Native diffs — file edits render in the editor's own diff/review UI.
Editor terminal — commands run in the IDE's terminal pane, when the editor advertises the terminal capability.
Permissions — tool approvals use the editor's permission prompts, and the session-mode dropdown maps to CODA's autonomy controls. The three modes are Default (ask before risky actions), Plan (CODA proposes without editing), and Accept Edits (apply file edits without prompting).
Troubleshooting
"command not found" / agent won't start — use the absolute path from which coda; don't rely on coda being on the editor's PATH.
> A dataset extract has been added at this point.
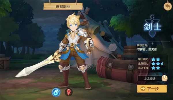 1. 剑士:剑士可以转职守护者或者毁灭者,看名字就知道他们的倾向,前者更偏向肉盾,伤害虽然低但是身板足够硬,后者自带吸血,能输出但同时身板也比较脆;

Auth prompts / immediate failures — run coda once in a terminal to sign in (Prerequisites #2), then retry in the editor.
coda --acp exits immediately with a config message — you have acp.enabled: false set; remove it or set it to true.
Notes
The config formats above follow the editors' official docs (Zed agent_servers, JetBrains ~/.jetbrains/acp.json) as of mid-2026. Check the linked pages if an editor changes its format.
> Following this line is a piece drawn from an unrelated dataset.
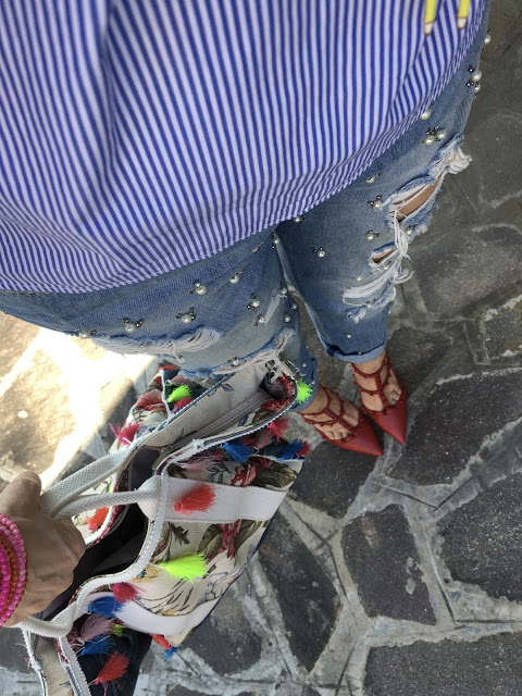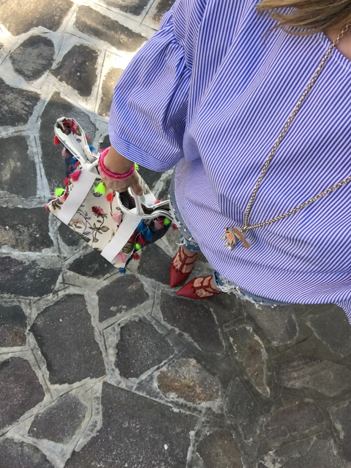 Sai Gina, abbiamo tanti gusti in comune…..la camicia a righe azzurra, la collana con la bambolina….mi piace tutto, i tuoi look sono sempre adorabili!!!!

ACP Registry one-click install is not yet available for CODA — use the manual config above. A registry listing is a planned follow-up.
View & Share Logs
CODA writes structured logs to disk so you can troubleshoot what happened in a session — and share a safe, redacted bundle with support when you need help. Secrets are scrubbed before anything is written, so logs are safe to read and share.
What you get
coda logs — a full-screen log viewer in your terminal, or a plain text / JSON stream when piped.
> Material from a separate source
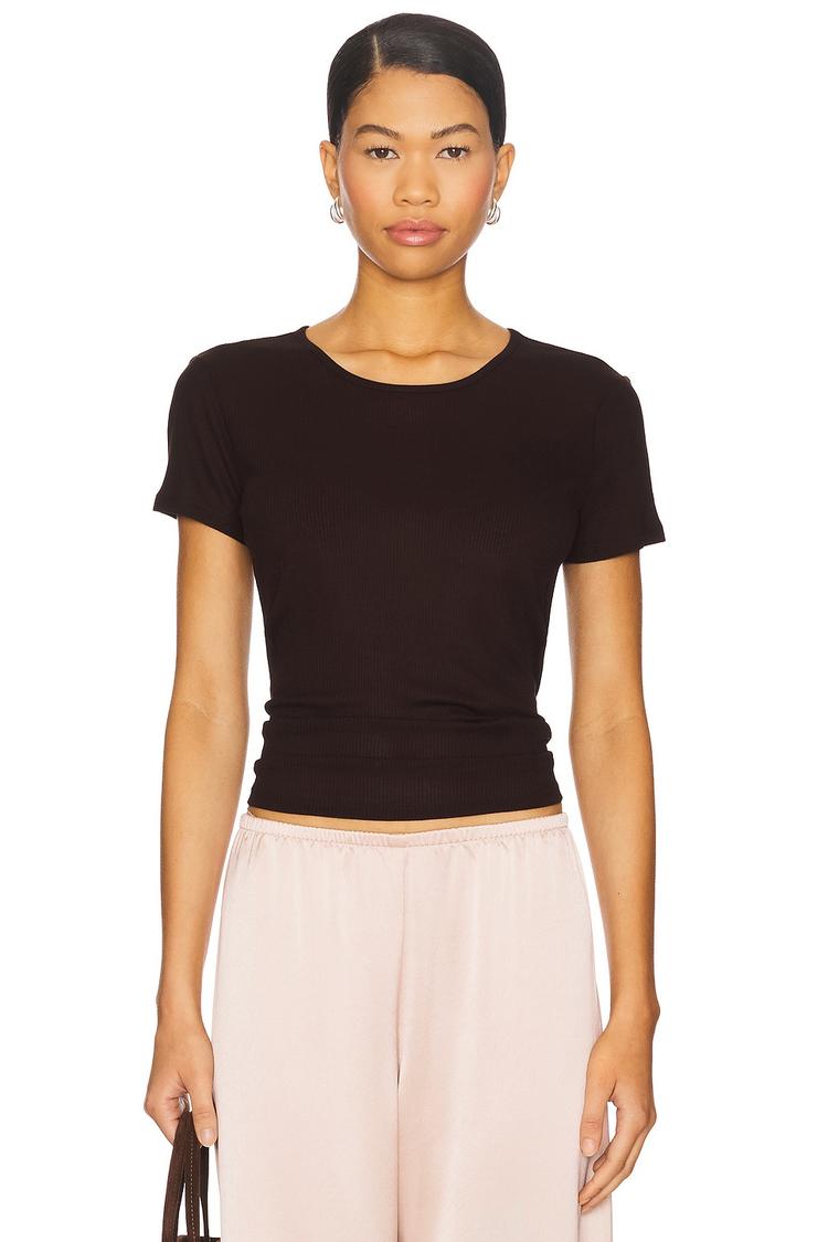 A sleek silhouette in matte black, this classic tee features a round neck and half sleeves crafted from lightweight ribbed viscose jersey. Its fitted waist-length design offers a flattering, minimalist look perfect for casual outings, everyday wear, and travel. The covered back and pullover closure keep the style simple and versatile, making it a reliable staple for workwear or relaxed weekends. Soft and breathable, this top blends comfort with timeless elegance for a quiet luxury feel.

Filtering by level, service, and time, plus a live --follow tail.
Secret redaction at the source — tokens, keys, passwords, and Bearer/sk-/ghp_-style values never reach disk.
coda logs export — a local, redacted, path-scrubbed bundle for support (nothing is ever uploaded).
Per-service log levels so you can turn up detail only where you need it.
coda logs-demo — a few-second self-test of the whole logging pipeline.
Viewing logs
coda logs # interactive viewer (in a terminal)
coda logs | less # plain text stream (when piped)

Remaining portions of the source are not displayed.